So, I have a file that contains ~
delimited fields that I need to convert to sql. The catch here is that there are spaces in this data. Generally, this wouldn't be an issue because I could just use xargs -0
and feed it null delimiters.
When I pair it with tr '~' '\0000'
I get weird behavior and I am not sure why.

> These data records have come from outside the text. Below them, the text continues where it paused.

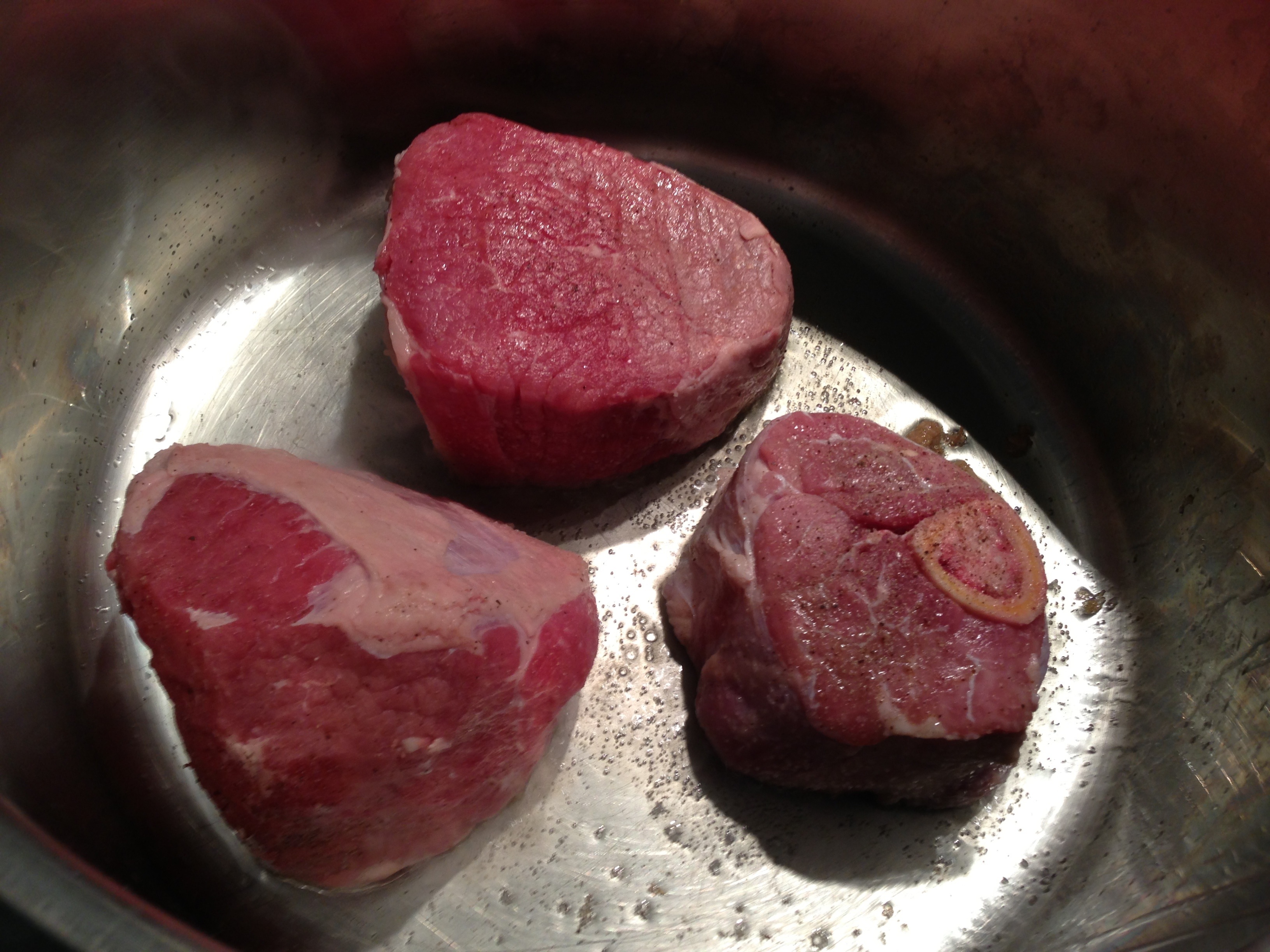 Start by bringing all the meat to room temperature and seasoning them with salt and pepper. Then saute your meats on high heat to get a nice brown coloring on all sides. If your pan isn’t large enough, sear your meat in batches. They need space to cook.
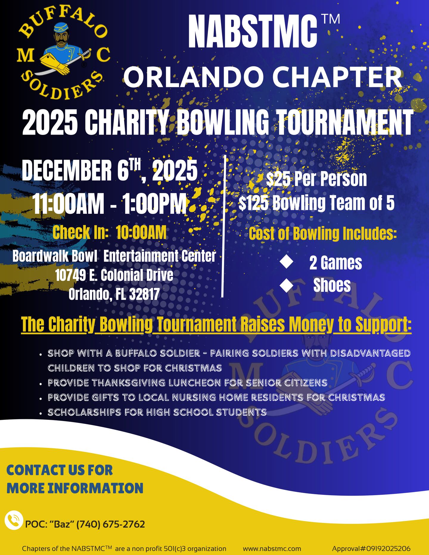 Orlando Chapter Buffalo Soldiers Motorcycle Club’s 2025 Charity Bowling Tournament is Sat, Dec 6th, 11am-1pm, Boardwalk Bowl Entertainment Center-10749 E. Colonial Dr, Orlando
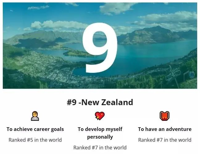 新西兰在“获得职业目标”排第五,“个人发展”排第七,“获得一次冒险经历”排第七。
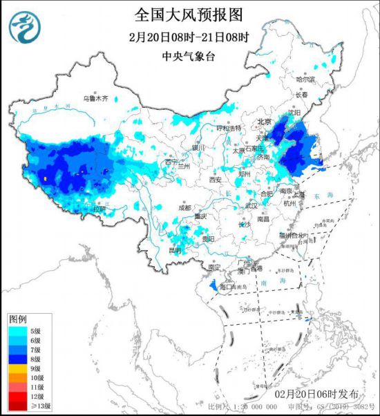 中央气象台2月20日6时继续发布大风蓝色预警:

It seems to actually take too many fields when using xargs.
Input:
FA_PRD01_PHX1~EBDT~30-JAN-2023~18~JobDefinition://company/apps/ess/custom/Shared Folders/Apps_Reports/APPSSALESFORCETIMEDTLS~1~1
FA_PRD01_PHX1~EBDT~30-JAN-2023~08~JobDefinition://company/apps/ess/custom/Shared Folders/Apps_Reports/APPSSALESFORCETIMEDTLSNEW~1~1
FA_PRD01_PHX1~EBDT~23-JAN-2023~18~JobDefinition://company/apps/ess/custom/Shared Folders/Apps_Reports/APPSSALESFORCETIMEDTLS~1~1
FA_PRD01_PHX1~EBDT~23-JAN-2023~08~JobDefinition://company/apps/ess/custom/Shared Folders/Apps_Reports/APPSSALESFORCETIMEDTLSNEW~1~1
FA_PRD01_PHX1~EBDT~13-MAR-2023~04~JobDefinition://company/apps/ess/custom/shared/Apps_Reports/Certifications and Competencies/ALLCERTRPT~1~1
FA_PRD01_PHX1~EBDT~13-FEB-2023~18~JobDefinition://company/apps/ess/custom/Shared Folders/Apps_Reports/APPSSALESFORCETIMEDTLS~1~1
FA_PRD01_PHX1~EBDT~13-FEB-2023~08~JobDefinition://company/apps/ess/custom/Shared Folders/Apps_Reports/APPSSALESFORCETIMEDTLSNEW~1~1
FA_PRD01_PHX1~EBDT~13-FEB-2023~05~JobDefinition://company/apps/ess/custom/shared/Apps_Reports/Certifications and Competencies/ALLCERTRPT~1~1
FA_PRD01_PHX1~EBDT~06-FEB-2023~18~JobDefinition://company/apps/ess/custom/Shared Folders/Apps_Reports/APPSSALESFORCETIMEDTLS~1~1
FA_PRD01_PHX1~EBDT~06-FEB-2023~08~JobDefinition://company/apps/ess/custom/Shared Folders/Apps_Reports/APPSSALESFORCETIMEDTLSNEW~1~1
command:
cat data.txt | tr '~' '\0000' |
xargs -0 -n 7 printf "insert into ESS_SYSTEM_ERROR_METRICS values('%s','%s',to_date('%s','DD-MM-YYYY'),%s,'%s',%s,%s);\n"
expected:
insert into ESS_SYSTEM_ERROR_METRICS values('FA_PRD01_PHX1','EBDT',to_date('30-JAN-2023','DD-MM-YYYY'),18,'JobDefinition://company/apps/ess/custom/Shared Folders/Apps_Reports/APPSSALESFORCETIMEDTLS',1,1);
actual:
insert into ESS_SYSTEM_ERROR_METRICS values('FA_PRD01_PHX1','EBDT',to_date('30-JAN-2023','DD-MM-YYYY'),18,'JobDefinition://company/apps/ess/custom/Shared Folders/Apps_Reports/APPSSALESFORCETIMEDTLS',1,1
FA_PRD01_PHX1);
insert into ESS_SYSTEM_ERROR_METRICS values('EBDT','30-JAN-2023',to_date('08','DD-MM-YYYY'),JobDefinition://company/apps/ess/custom/Shared Folders/Apps_Reports/APPSSALESFORCETIMEDTLSNEW,'1',1
FA_PRD01_PHX1,EBDT);
My field count with xargs is correct, so I am also wondering if xargs is using something else to delimit.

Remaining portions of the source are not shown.